Some PVCs do not create sufficient ejection volume or pressure for aortic valve opening and detectable aortic pressure (mechanical systole), leading to a concealed mechanical bradycardia. In our study, PVCs in group 2 were more efficient in ejecting into the aorta than PVCs in group 1, resulting in less concealed mechanical bradycardia. Frequent mechanically inefficient PVCs lead to sustained concealed mechanical bradycardia, decreased cardiac output [30] and increased LV diastolic pressures, volume overload, LV dilation, and LV systolic dysfunction. Furthermore, repeated lack of arterial pulse can be responsible for neurovegetative imbalance through baroreceptor reflex mechanism [31, 32], which may detoriate myocardial function over time. In our study, patients with impaired LV-GLS (group 1) have significantly lower PVC E wave flow and PVC SV values which supports the above mentioned mechanisms.
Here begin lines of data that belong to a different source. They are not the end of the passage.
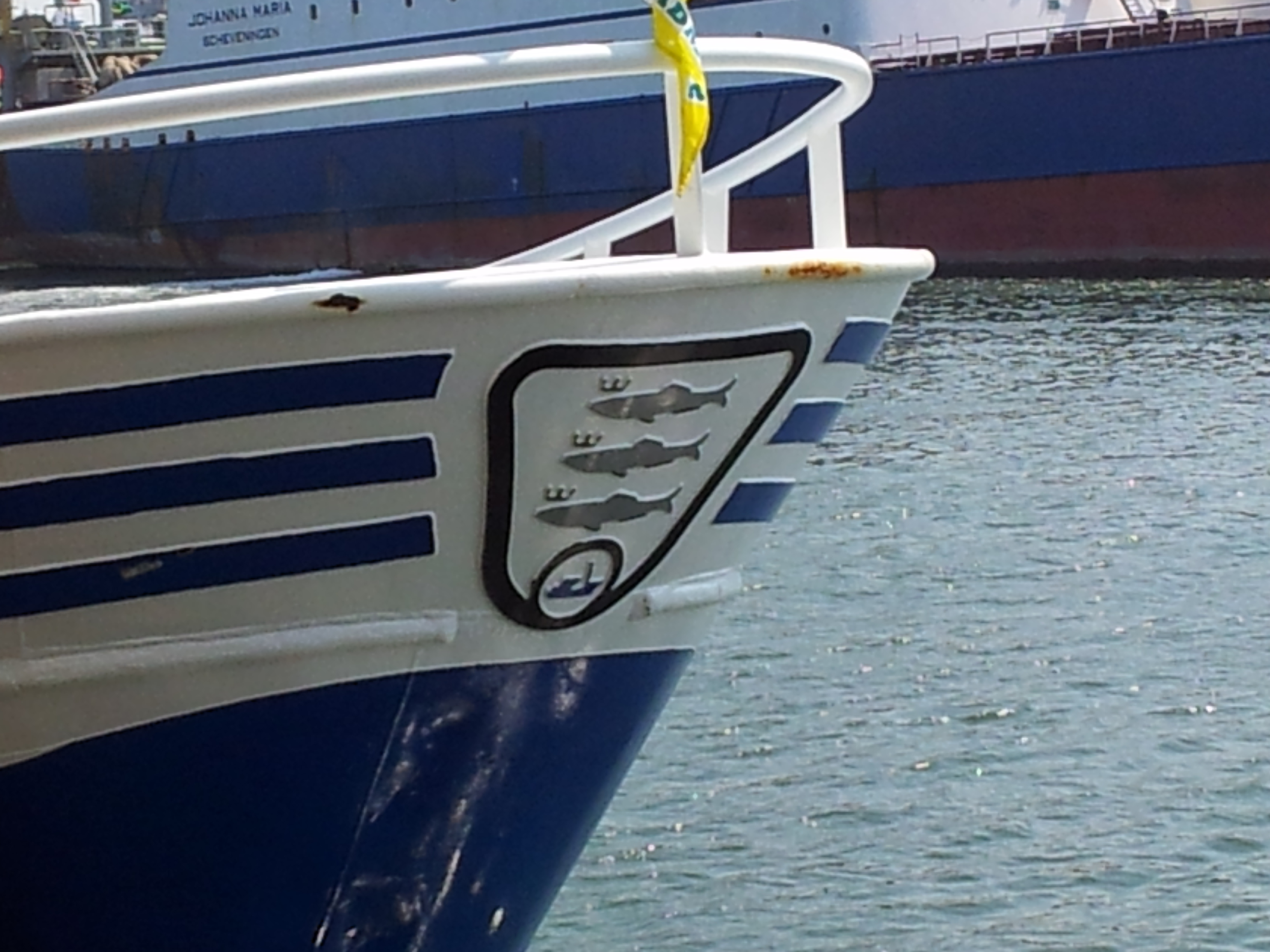 Scheveninghen fish boat coat of arms
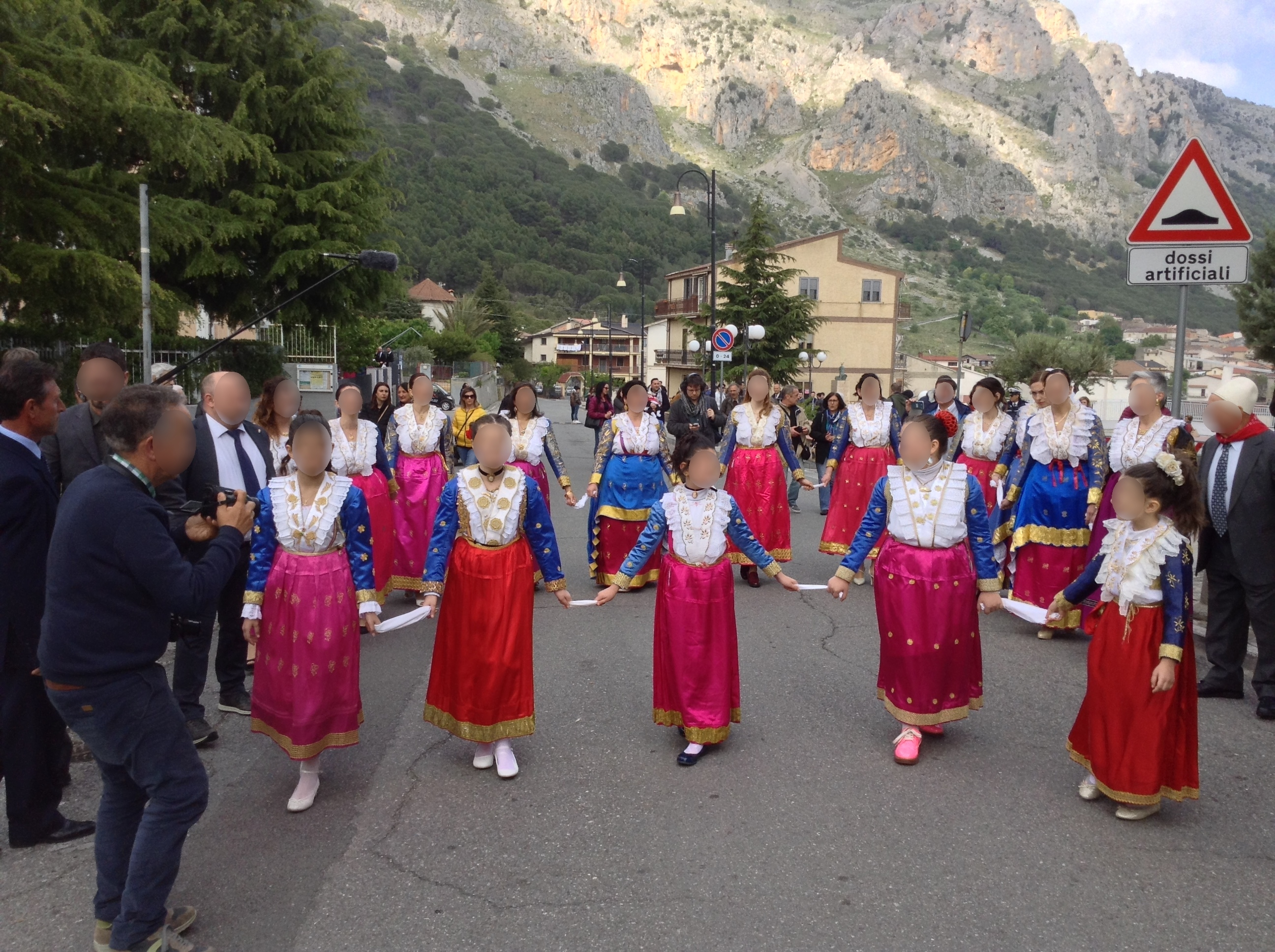 Arbëreshë costume of Frascineto, Calabria
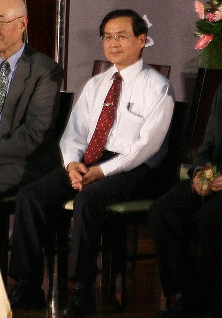 Hsu Tain-Tsair, the Mayor of Tainan City, cropped and sharpen
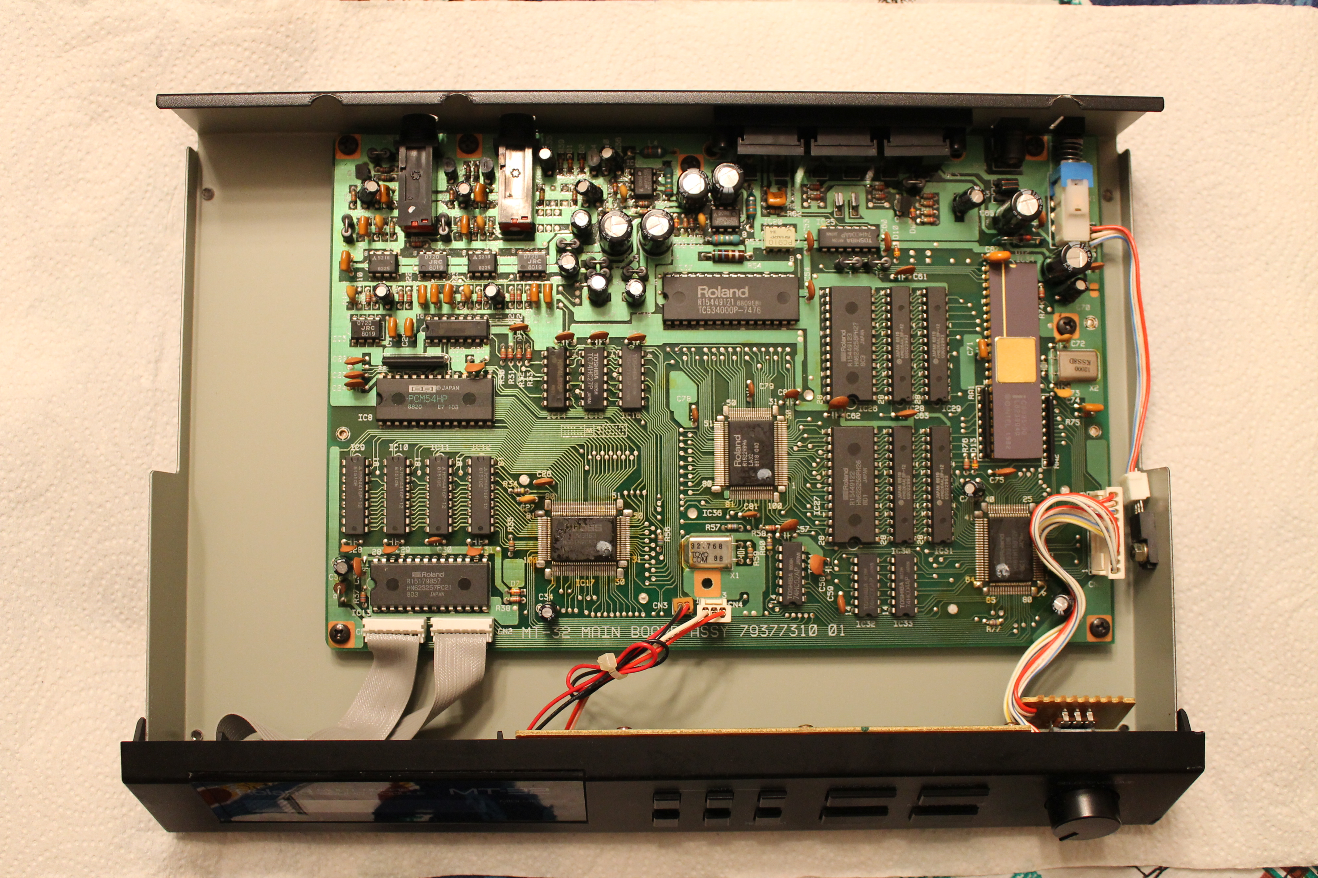 Photo is of an "Oldtype" Revision 1 PCB Roland MT-32 Multi-Timbre Sound Module, taken from above the MT-32 with the top case removed.
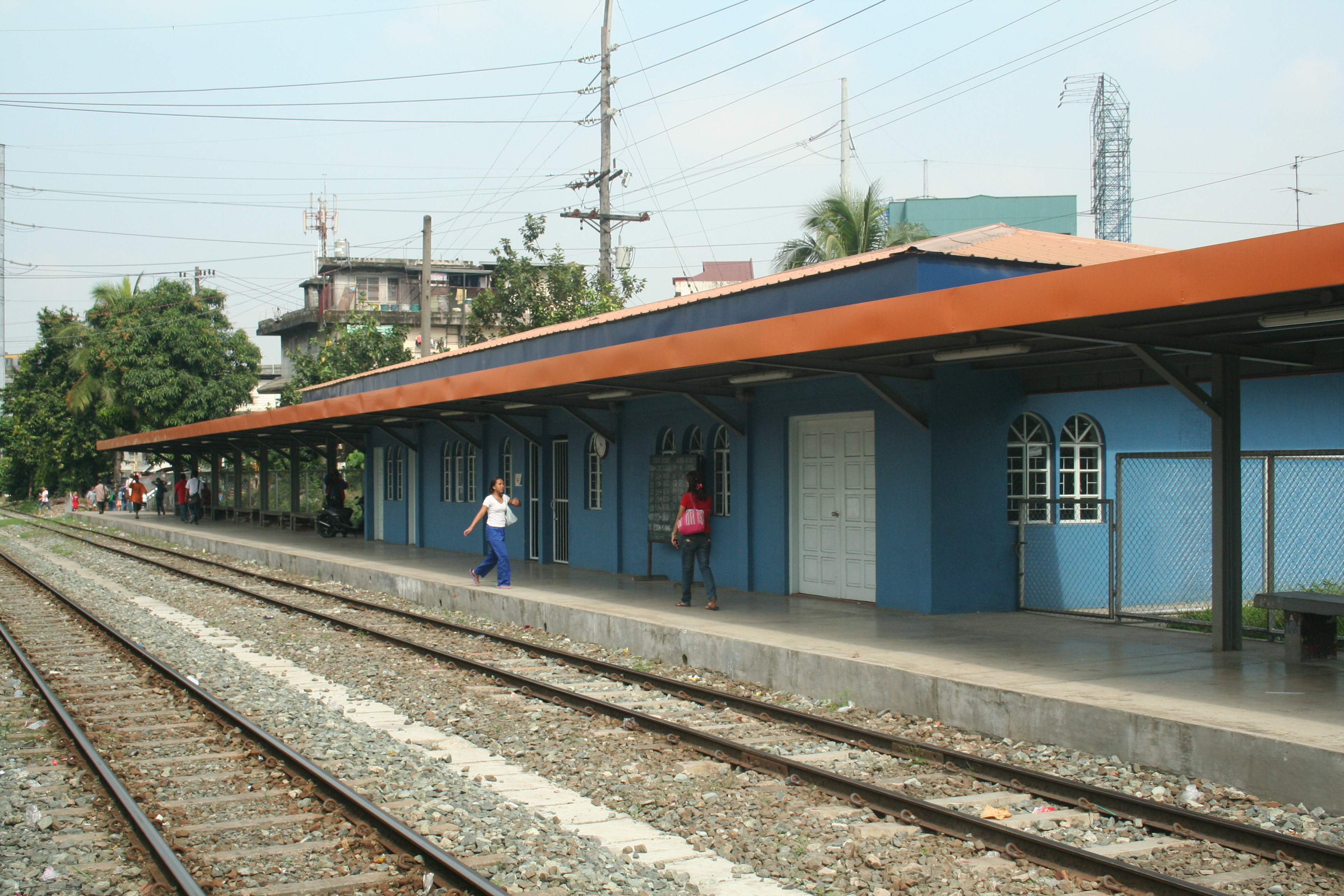 Trackside view of the entrance to Santa Mesa railway station. The building is built on one of two of the station's original platforms, which are designed to accommodate locomotive-hauled trains. Further right (not visible) are raised platforms for the use of newer Philippine National Railways diesel multiple units.

Some authors consider postextrasystolic potentiation (PEP) as a mechanism for PVC-CM. PEP significantly increases myocardial oxygen consumption [33–34], and when frequent this increased energy consumption may cause systolic dysfunction. However, this hypothesis has never been investigated. In our study, patients with impaired LV-GLS had a significantly higher post-PVC E wave flow and post-PVC SV values. Although we indicated a significant correlation between poor hemodynamic performance of PVCs and the presence of impaired LV-GLS, it is difficult to conclude with the results of this study that inefficient PVCs cause cardiomyopathy. Definitive conclusions cannot be drawn from this study, and only prospective studies can resolve this issue.
4.1. Limitations
Interpretation of the findings of this study is limited due to several factors. The study had a limited sample size, this precluded the definition of PVC-induced cardiomyopathy predictors and strain value cutoffs to determine the need for intervention including radiofrequency ablation. We were unable to examine variables that would have been useful in identifying subclinical left ventricular dysfunction in patients with normal ejection fraction, such as BNP levels, the Kansas City Cardiomyopathy Questionnaire, and the 6-minute walk distance. Long-term follow-up is needed to verify the results of the present study and to assess cardiac function recovery in patients with frequent PVCs undergoing clinical intervention. 2D-STE requires high-quality images, comparison of experimental results is restricted because parameters vary between different echocardiography devices and software workstations used for analysis. However, interobserver and intraobserver variability in strain values is good and consistent with previous studies. Future studies conducted with large sample size is necessary to determine the exact reference values.